In 2000, hard to believe that’s more than a decade ago, I conducted a series of interviews with then current leaders of innovation in a variety of companies and collected them under the title, Front Line Perspectives on Innovation. One of these interviews was with Barbara Goss, then General Manager, Engineered Ceilings Solutions at Armstrong World Industries, Inc. Today’s buzz is all around corporate positions for driving innovation such as Chief Innovation Officers or Senior Managers of Innovation Capability and Development. Yet, many individuals in the trenches, without those titles and backgrounds, are needed and expected to lead, manage and deliver on grow through innovation. Back then, Barbara was a pioneer in Armstrong World Industries for new-to-the-world innovation at the fuzzy front end and she had a successful track record on that leading edge. What Barbara Goss identified in 2000 is a valuable reminder for today’s current crop of innovation leaders.
Getting Started, and getting started right
For us, it was the strategic planning process where we tried to answer the question, where can we get the growth we need and want? The Profit Zone by Adrian Slywotsky helped the senior management team think about business models that would take the company in new directions. The model led to platforms for innovation projects that could deliver on new market positions. Another book, HyperCompetition by D’Aveni reinforced for us the need to embrace continuous change and provided some ways to frame leapfrog strategies.
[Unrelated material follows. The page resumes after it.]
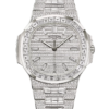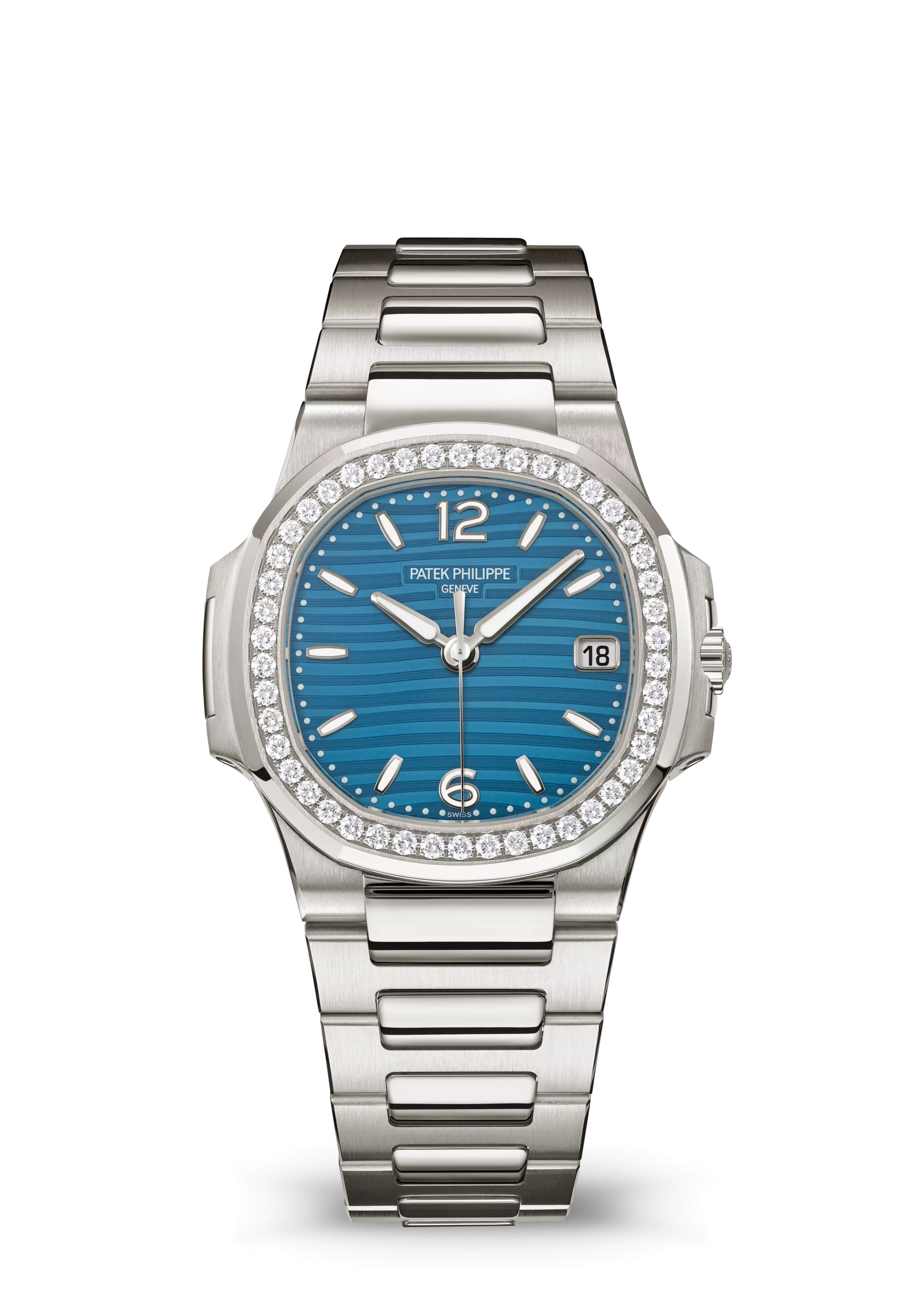 This Ladies’ Nautilus with quartz movement, 32 mm-diameter case and white gold bracelet is distinguished by the azure blue color of its lacquered dial adorned with the collection’s typical wave pattern. The case design is enhanced by alternating satin-brushed and polished finishes. The bezel is lit up by a row of brilliant-cut diamonds.
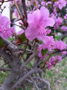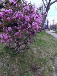 「カフェ&スパゲッティ 15丁目」までは、冬場は徒歩で片道1時間20分くらいかかりましたが最近では1時間余りになりました。「大通ミニ散策路」付近の「エゾムラサキツツジ」が満開です。

The impetus for innovation projects can come from many sources and usually flows from the market place – the existing market place, or an imagined future market place. Senior management needs to champion innovation for it to be appropriately resourced and rigorously pursued. Our innovation portfolio had three categories: line extensions that required managing through an abbreviated stage-gate process; new-to-the-company products that required managing through the full stage-gate process; and, new-to-the-world products where process follows content in the front end and you invent as you go along. Even here, and perhaps especially here, there must still be rigor applied around the fuzzy front end, such as milestones and measurement criteria, to avoid continuous invention without execution.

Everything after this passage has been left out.